**Work task**: Repeat exactly the line that contains "Measurement Locations are" and every line after it, down to the last line of the entries below. Do not include pictures.

**Records from a collection**:
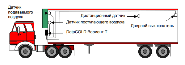 Регистраторы температуры DataCOLD 250 T/R могут использоваться только с датчиками температуры, поставляемыми в комплекте с DataCOLD 250 T/R. Перед установкой необходимо определить, сколько точек измерения потребуется для получения необходимой информации. Лишь оптимальный выбор количества и места расположения датчиков позволяет сделать достоверные выводы о температуре воздуха во всем отсеке.
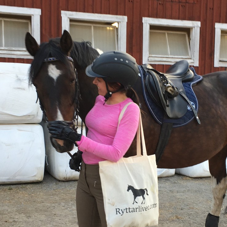 Instruktören tyckte att jag hade utvecklat sedan sist han såg mig i alla fall, för ett par månader sedan, så det var kul att höra! Dock måste jag UPP MED BLICKEN vilket han sa flera gånger. Jag måste våga känna vad hästen gör, utan att titta. Och bara för att hästens huvud är ställt något nedåt åt höger så behöver inte mitt huvud också vara det 😉
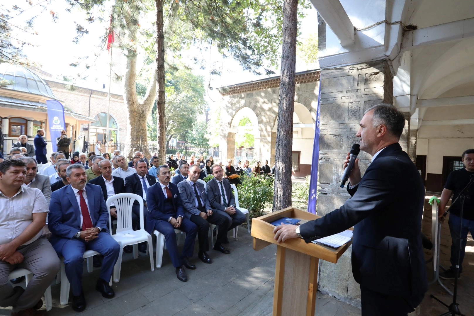 Son olarak kürsüye çıkan Eren Arslan ise “2023-24 eğitim öğretim yılımızın hayırlı uğurlu olmasını temenni ediyorum. Bugün burada bu ulu çınarların gölgesinde ilk dersimizi yapıyoruz. Ders sadece öğrenciler için değil, hepimiz için. İnsan hayatı boyunca öğrenci. Her gün yeni bir şey öğreniyor. Yeni bir şey öğrenirken de tarih bilmek çok daha kıymetli. Tarihi bilirseniz; tarihin bize sunduğu iki imkan var. Birincisi geçmişinizi bilip geçmişinizde yaptığınız iyi, güzel doğru şeylerle övünmek. Oradan aldığınız güçle geleceğe umutla bakmak. İkinci güzel imkan da ders almak. Sadece akademik bir ders olarak bakmayın tarihe. Tarihi içinde yaşayarak öğrenmeye çalışın. Biz savaş meydanlarında cengaver bir milletiz. Ancak sadece savaşmadık. Biz ilim de öğrettik, kültür de öğrettik, insanlığa yol verecek değerleri de ürettik. Bizim milletimiz böyle bir millet” diye konuştu.
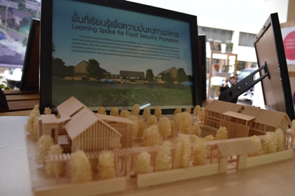 โมเดลจำลอง 'พื้นที่การเรียนรู้เพื่อความมั่นคงทางอาหาร' ตั้งตระหง่านอยู่มุมหนึ่งบริเวณใต้โถงอาคารพิทยพัฒน์ ม.สุโขทัยธรรมาธิราช (มสธ.) เหนือขึ้นไปปรากฎกรอบรูปสีดำขลับบรรจุภาพลงสีของพื้นที่การเรียนรู้ฯ พร้อมข้อความชวนสะกิดให้ตระหนักขึ้นว่า
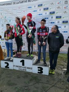 Pour ce championnat départemental sur une partie du circuit de moto cross de Vaas , Louison, Antonin et Wilson ont pris le départ entouré de notre président Jacky. Dés les premiers mètres Louison a pris le devant de la course pour ne jamais le lâcher en creusant l écart au fil des tours , tout en négociant parfaitement les difficultés en prenant juste ce qu il faut en risque .Pour Wilson et Antonin le départ fut moyen mais Wilson a rattrapé au fil des tours une bonne partie de ses adversaires pour la 4ème place puis la troisième place sur la fin de sa course . Pour Antonin qui lui aussi remonté tranquillement a chuté dans un virage ce qui a entrainé une crevaison et a du rejoindre le parc a vélo en courant . Il termine lui aussi .
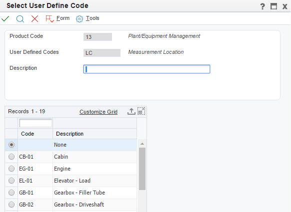 Measurement Locations are defined in UDC 13/LC. Blank can be configured as a valid value if only a generic measurement location is applicable.
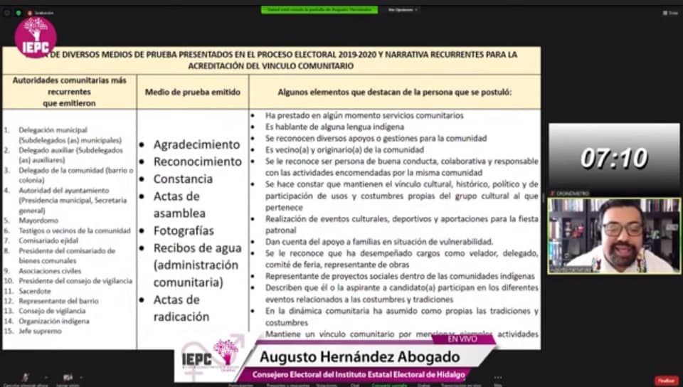 El Instituto Estatal Electoral de Hidalgo (IEEH), participó en el Foro “Proceso Electoral 2021: Hacia una representación política incluyente en Chiapas”, con el tema “Retos y Desafíos para garantizar la representación indígena sin usurpación. Caso Hidalgo 2020”

**Written answer**:
 Measurement Locations are defined in UDC 13/LC. Blank can be configured as a valid value if only a generic measurement location is applicable.
 El Instituto Estatal Electoral de Hidalgo (IEEH), participó en el Foro “Proceso Electoral 2021: Hacia una representación política incluyente en Chiapas”, con el tema “Retos y Desafíos para garantizar la representación indígena sin usurpación. Caso Hidalgo 2020”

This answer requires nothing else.